Western medicine is fantastic for injuries, and utterly medieval when it comes to chronic problems. It was agonizing to read this.


> Researchers at the University of Manchester, in England, have gone a step beyond mirrors and fashioned an immersive virtual-reality system for treating patients with phantom-limb pain. Detectors transpose movement of real limbs into a virtual world where patients feel they are actually moving, stretching, even playing a ballgame. So far, five patients have tried the system, and they have all experienced a reduction in pain.

Could be a pretty killer future VR/EEG (or are they using physical motion sensors configured to the "good" side of the body?) app.


> In one study, a German professor of psychosomatics gave a lecture that included, in the first half, a series of what might be called itchy slides, showing fleas, lice, people scratching, and the like, and, in the second half, more benign slides, with pictures of soft down, baby skin, bathers. Video cameras recorded the audience. Sure enough, the frequency of scratching among people in the audience increased markedly during the first half and decreased during the second. Thoughts made them itch.

I itched while and after reading the article. At various times I scratched my head, my nose, my lip. I don't normally have a problem with itching, and none of them were extreme.

Writing this comment made it way worse! I've scratched my arm, my leg, my back, my eye socket all since I went to copy and paste the quote above. Anyone else find the same?


I loved reading this in 2008, was my first encounter with Atul Gawande and caused me to seek out other medical writers like Oliver Sacks. Thanks to @dove for reposting this incredible piece of writing.


I hadn't noticed this was from Atul Gawande -- I loved his book Being Mortal.

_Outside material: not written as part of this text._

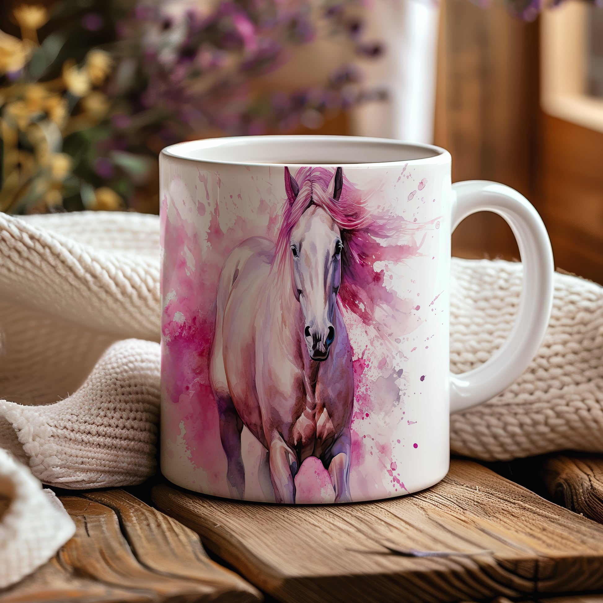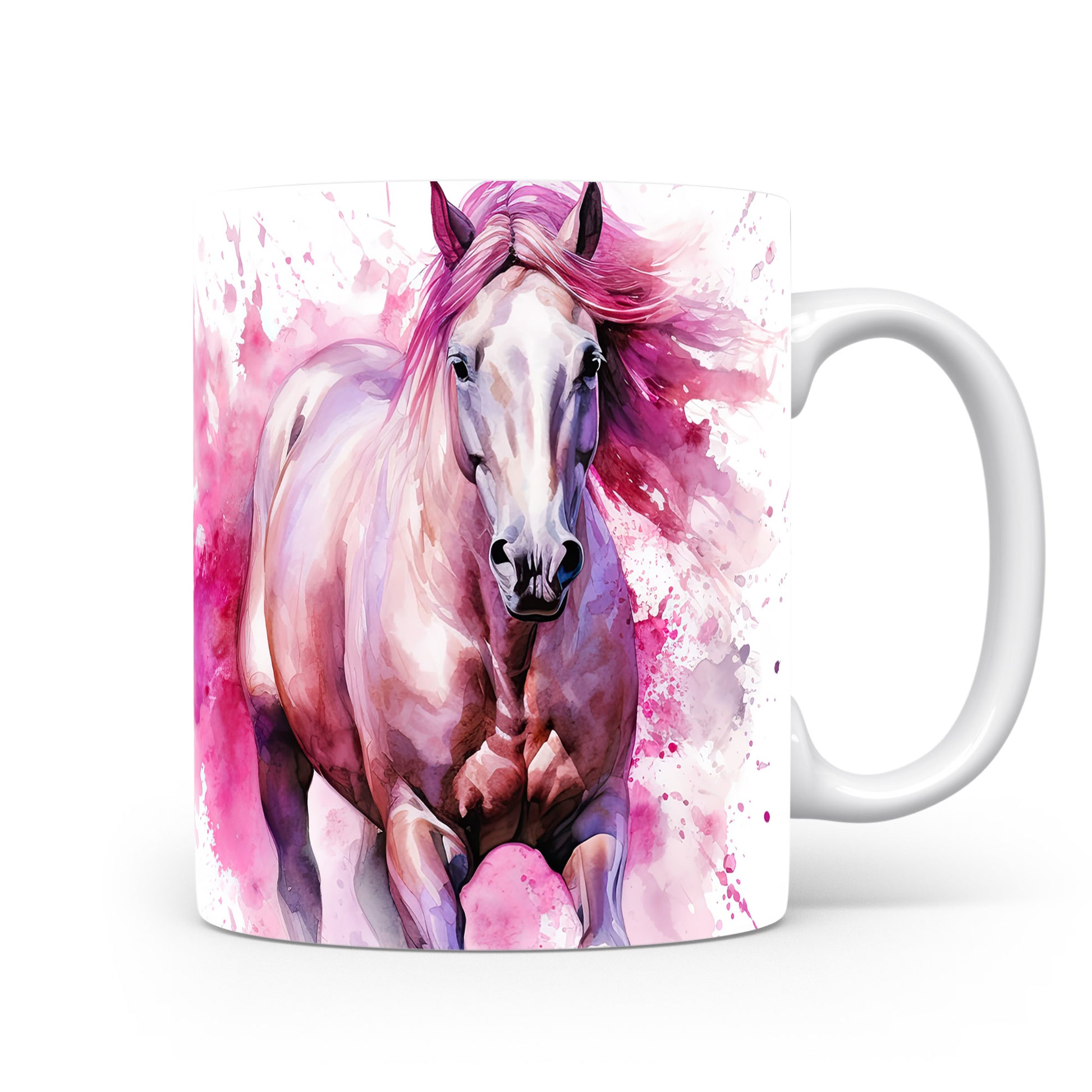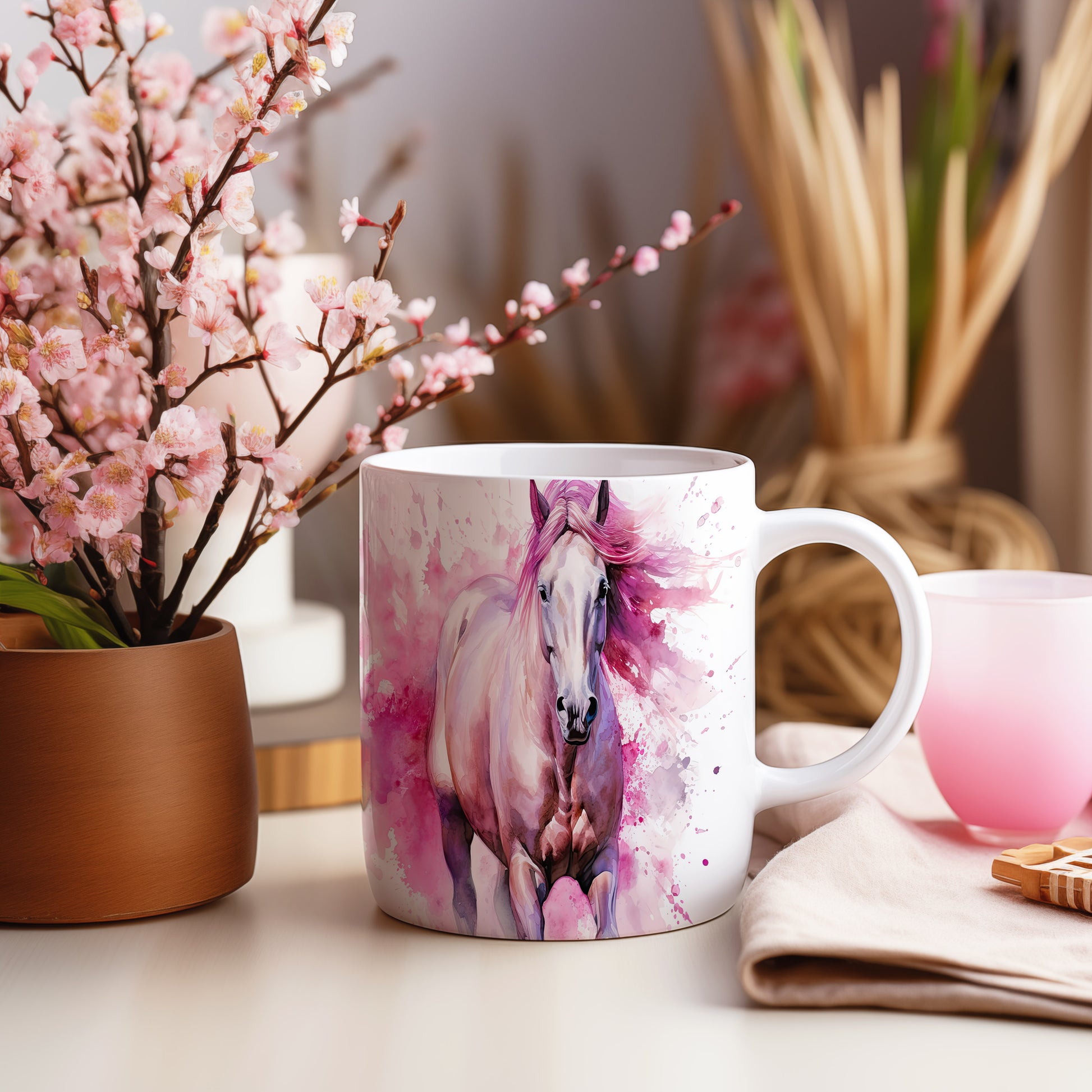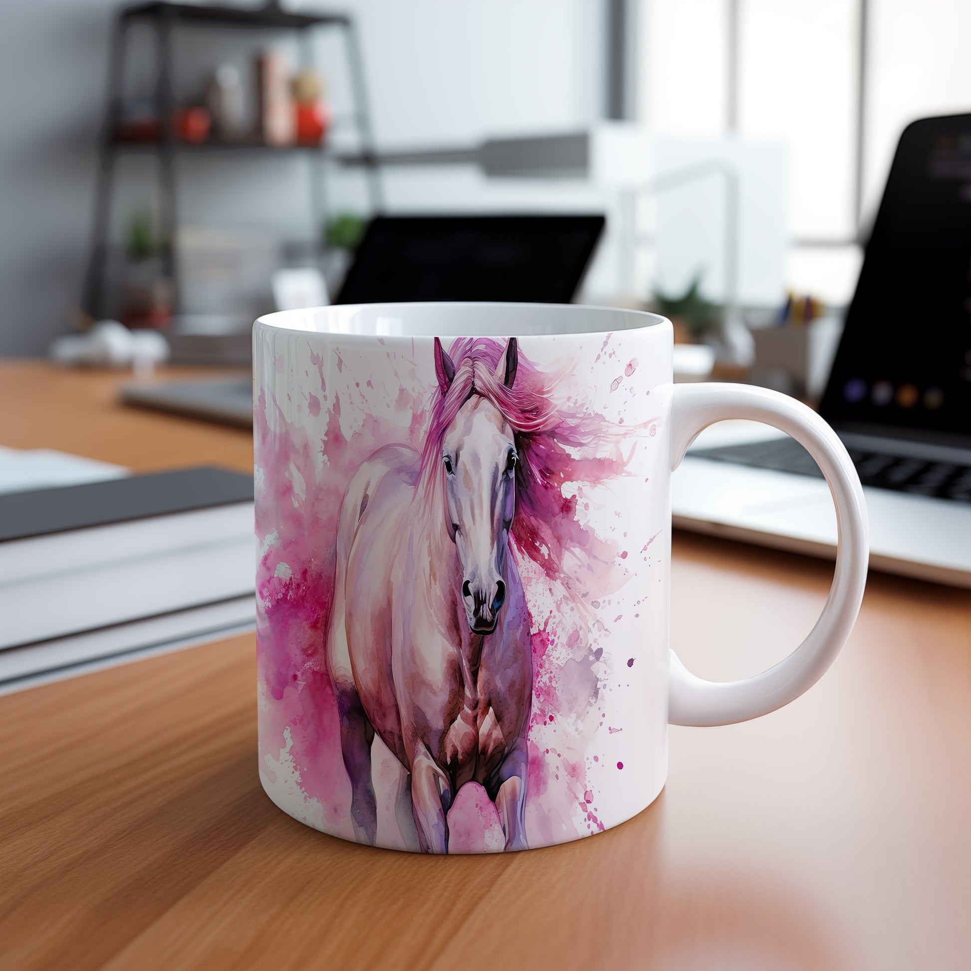 Tento hrnek zobrazuje nádherný motiv růžového koně na barevném pozadí. Je ideální pro milovníky koní a skvělým dárkem pro přátele či rodinu. Materiál: keramika. Objem: 330 ml. Vhodné do myčky i mikrovlnky. Díky svému designu přináší do každodenního pití radost a styl.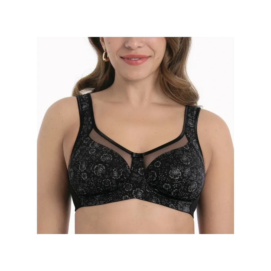 Sostenidor sense cèrcols de la marca Anita. Col·lecció Clara Art. Referència 5873. Sostenidor còmode i amb bona subjecció. Copes dividides en tres seccions, una banda lateral modeladora i una banda sota el pit anatòmica. Franges semitransparents a l’escot. Tires ajustables, amples i còmodes que s’adapten a la perfecció. Disponible en dos colors; Antracita i negre.

Neat to see what he was writing about in 2008.


Can someone provide a tl;dr version? :)


When the brain gets incomplete signals from its peripheral nerves, it does its best job to "fill in the gaps" with its best guess of what that information should be.

Unfortunately, this mechanism can lead to symptoms like phantom pain or itching. As the author puts it, sometimes the check engine light is really nothing wrong with the engine but a faulty light itself.

One promising solution to these medical problems is to fill in the missing data in a different way. For example, phantom limb sufferers can look in a mirror image of their good limb, pretend it's their missing limb, and feel immediate and lasting relief. This may help with things like phantom itching, too.


I don't think there's an easy tldr. The lead character is a woman with a number of maladies, but develops an itch that had no apparent physical manifestation and shouldn't have been possible as the nerve endings in the itchy location were dead. The article is a sprawling overview of the history of diagnosing not just itches, but understanding the cause of such phenomenon as "phantom limbs"


woman has itchy scalp, no doctor can figure out how to cure it, article ends with "maybe the same mirror box therapy that is used to treat phantom limb pain will work" - no follow up if it was attempted or if it worked. All-in-all pretty shit article and I'm not sure what it's doing here.


It's worth the read. Like a drama/horror/science journal blend.